85.8% of the dog ratings tweets has one image, about 10% has two images, 3.1% of the tweets contains 3 images and about 1.5% has four images. 

In [None]:
# view the average retweet count group by the number of images 

img_rt_prop = master_data.groupby('img_num').mean()['retweet_count']
img_rt_prop

In [None]:
#plot bar chart

location = [1,2,3,4] 
labels = ['one', 'two', 'three','four']

plt.pyplot.bar(location,img_rt_prop, tick_label = labels)

# add a title
plt.pyplot.title('Retweet by Image number', fontsize = 12, weight = 'bold')

#add labels
plt.pyplot.xlabel('Image number', fontsize = 12, weight = 'bold')
plt.pyplot.ylabel('Retweet', fontsize = 12, weight = 'bold');

Tweets that contain four images have the highest average retweet count.

In [None]:
# view the average favourite count group by the number of images 

img_fav_prop = master_data.groupby('img_num').mean()['favorite_count']
img_fav_prop

In [None]:
#plot bar chart

location = [1,2,3,4] 
labels = ['one', 'two', 'three','four']

plt.pyplot.bar(location,img_fav_prop, tick_label = labels)

# add a title
plt.pyplot.title('Likes by Image number', fontsize = 12, weight = 'bold')

#add labels
plt.pyplot.xlabel('Image number', fontsize = 12, weight = 'bold')
plt.pyplot.ylabel('Like', fontsize = 12, weight = 'bold');

Tweets that contain four images also have the highest favorite count, followed by tweets that contain two images.

In [None]:
# view the top 5 most featured dog breeds 
# using the #1 prediction i.e p1
master_data.p1.value_counts()[:5]

In [None]:
# view their combined total as a proportion of the whole featured dogs .
master_data.p1.value_counts()[:5].sum()/master_data.p1.value_counts().sum()

Golden retriever, Labrador retriever, Pembroke, Chihuahua and pug are the most featured dogs in WeRateDog's tweets.

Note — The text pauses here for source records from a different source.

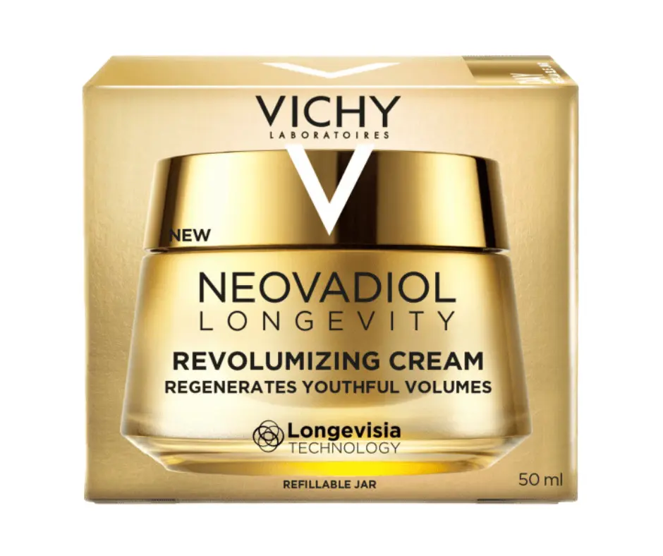 Vichy Neovadiol Longevity revitalizační krém je speciálně navržen pro zralou pleť po 50. roce života, kdy buňky ztrácí schopnost regenerace. Díky 13% technologii LongevisiaTM (Proxylane, Niacinamide, Senevisium), která je výsledkem více než 20 let výzkumu, obnovuje schopnost buněk regenerovat a podporuje tvorbu nové kožní tkáně až o 31 %*. Krém má hedvábnou texturu, která se rozplývá na pokožce, zanechává ji pevnější, vyživenou a s viditelně větším objemem v oblastech čela, kontur očí, tváří, koutků úst a kontur. Klinické studie ukazují až 42% zvýšení objemu tváří**. Ideální pro každodenní použití ráno i večer na obličej a krk.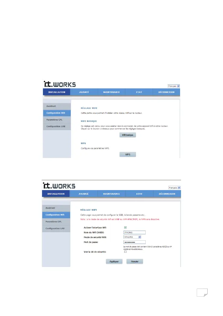 base dans la page CONFIGURATION SANS FIL; l'écran suivant apparaît.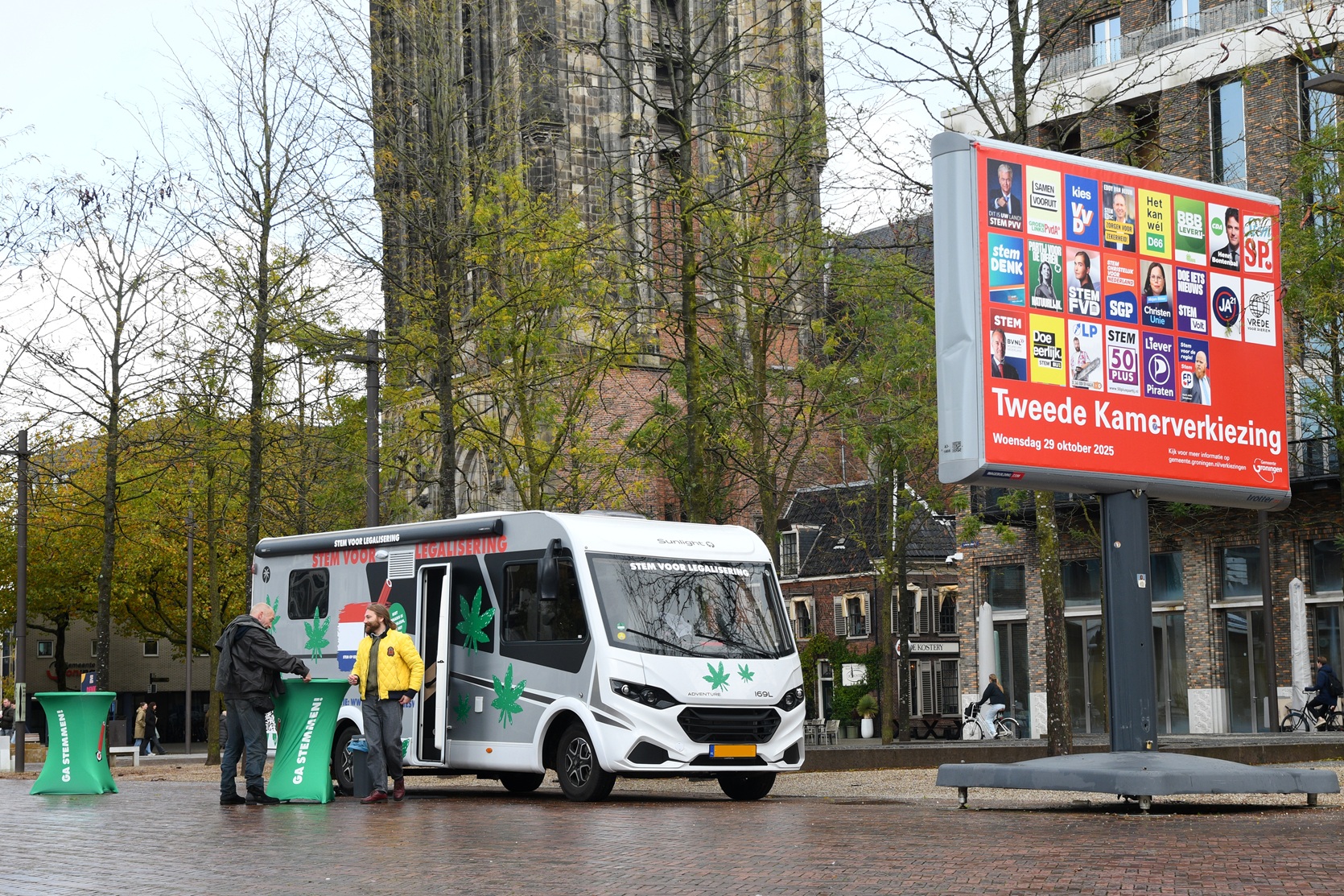 De CannaStemBus on tour tijdens de Tweede Kamerverkiezingen afgelopen najaar, hier in Groningen…

Their combined proportion is approxiamtely 23% of the total featured dogs. 

In [None]:
# display the distribution of dog ratings using rating numerator only. Since the denominator is usually 10

bin = np.arange(0,master_data.rating_numerator.max(),1)
plt.pyplot.hist(data = master_data, x = 'rating_numerator', bins = bin)

# add a title
plt.pyplot.title('Distribution of Dog Ratings', fontsize = 12, weight = 'bold')

#add labels
plt.pyplot.xlabel('Rating numerator', fontsize = 12, weight = 'bold')
plt.pyplot.ylabel('Frequency', fontsize = 12, weight = 'bold')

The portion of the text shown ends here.